Il 6 febbraio è la Giornata internazionale contro le mutilazioni genitali femminili

Assicurare un aiuto facilmente accessibile

Il 6 febbraio si celebra la Giornata internazionale contro le mutilazioni genitali femminili (Female Genital Mutilation/Cutting FGM/C). Le mutilazioni genitali femminili sono una realtà anche in Svizzera. Secondo stime recenti, le ragazze e le donne a rischio o vittime di questa pratica sono all’incirca 22 000. Tutte hanno il diritto a un’assistenza e a una consulenza adeguate. La Rete svizzera contro le mutilazioni genitali femminili sostiene l’istituzione di centri di consulenza regionali nei Cantoni.

 

La signora A., domiciliata in una grande città, partecipa a un evento di prevenzione incentrato sulla salute della donna. In questa occasione viene a sapere che nella sua regione esiste un consultorio che offre aiuto alle vittime di mutilazioni genitali femminili (FGM/C). Per la signora A., che soffre di gravi disturbi di salute provocati dalla mutilazione genitale, è un sollievo: finalmente ha la possibilità di incontrare una consulente competente che ascolti i suoi problemi e la indirizzi a un medico donna specializzata in materia di FGM/C. 

Creare e garantire offerte regionali

La signora A. è stata fortunata, poiché non esistono centri di consulenza, prevenzione e salute per ragazze e donne vittime delle FGM/C in tutta la Svizzera. Questo è un problema, in quanto molte donne come la signora A. non parlano di questo argomento tabù di spontanea volontà. Hanno bisogno di persone specializzate che siano sensibilizzate al riguardo. Allo stesso tempo, però, il tema delle FGM/C è poco trattato durante la formazione delle/degli operatrici/tori sociali, del personale di assistenza e delle/dei professioniste/i della salute. E infine, molte comunità di migranti non hanno sufficiente accesso alle offerte di aiuto e alle informazioni sulla situazione giuridica in Svizzera. 

La Rete svizzera contro le mutilazioni genitali femminili vuole ovviare a questa lacuna con l’apertura di centri di consulenza regionali sull’intero territorio nazionale, attraverso l’organizzazione di corsi di formazione continua per professioniste/i della salute negli ospedali e tramite la prevenzione nelle comunità interessate dalle FGM/C, spesso isolate, in collaborazione con le/i moltiplicatrici/tori.   
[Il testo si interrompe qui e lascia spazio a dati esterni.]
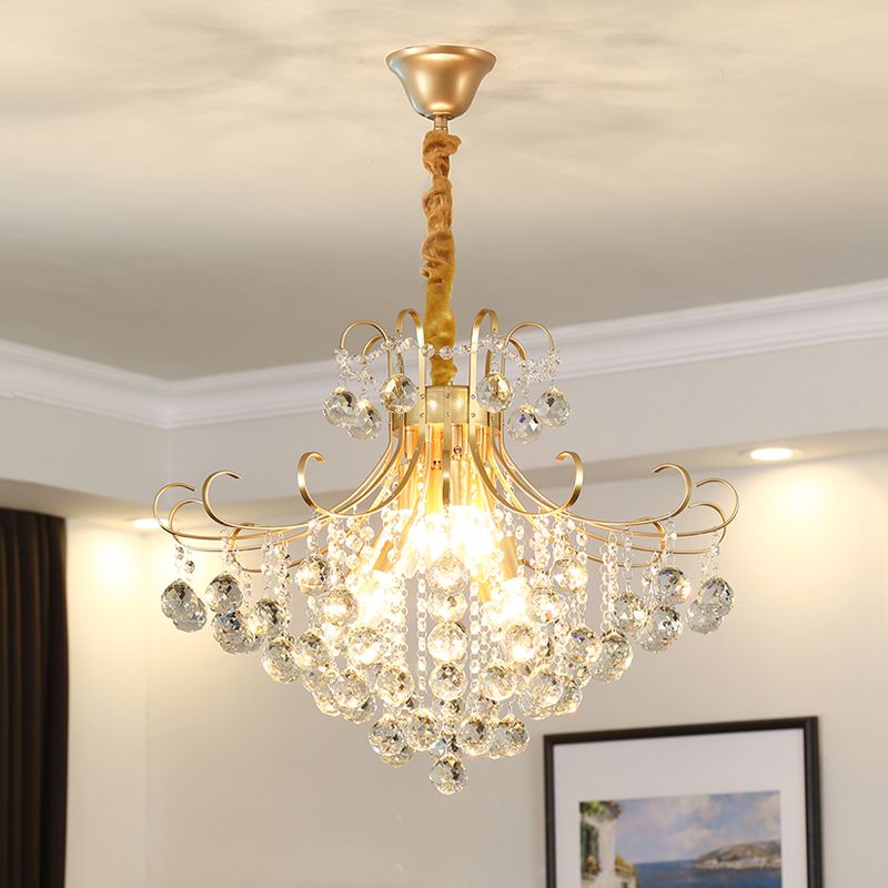 6 lumières Crystal Chandelier Modern Gold Living Salon Plafond Pendu Pendant

L’impegno profuso dalla Rete ha già dato i suoi frutti: sono stati aperti centri di consulenza specializzati in consulenza, salute e prevenzione in Romandia, nell’Altopiano e nella Svizzera orientale. Molte volte mancano tuttavia le risorse finanziarie per garantire le offerte sul lungo periodo. Il Consiglio federale ha pertanto invitato i Cantoni a potenziare il loro impegno contro le FGM/C e ad assicurare in modo sostenibile le attività esistenti con un rapporto sul postulato «Misure contro le mutilazioni genitali femminili» pubblicato nel 2020. 

Approcci multidisciplinari per contrastare una problematica complessa

La Rete svizzera contro le mutilazioni genitali femminili è convinta che occorre un mix globale di misure di prevenzione, formazione continua e consulenza per affrontare la complessa problematica delle mutilazioni genitali femminili. Solo così la signora A. e le altre ragazze e donne in Svizzera vittime di questa pratica potranno ricevere assistenza e consulenza adeguate. 

Queste attività godono del sostegno di Caritas Svizzera, SALUTE SESSUALE SVIZZERA e del Centro svizzero di competenza per i diritti umani. La Rete è finanziata principalmente dall’Ufficio federale della sanità pubblica (UFSP) e dalla Segreteria di Stato della migrazione (SEM).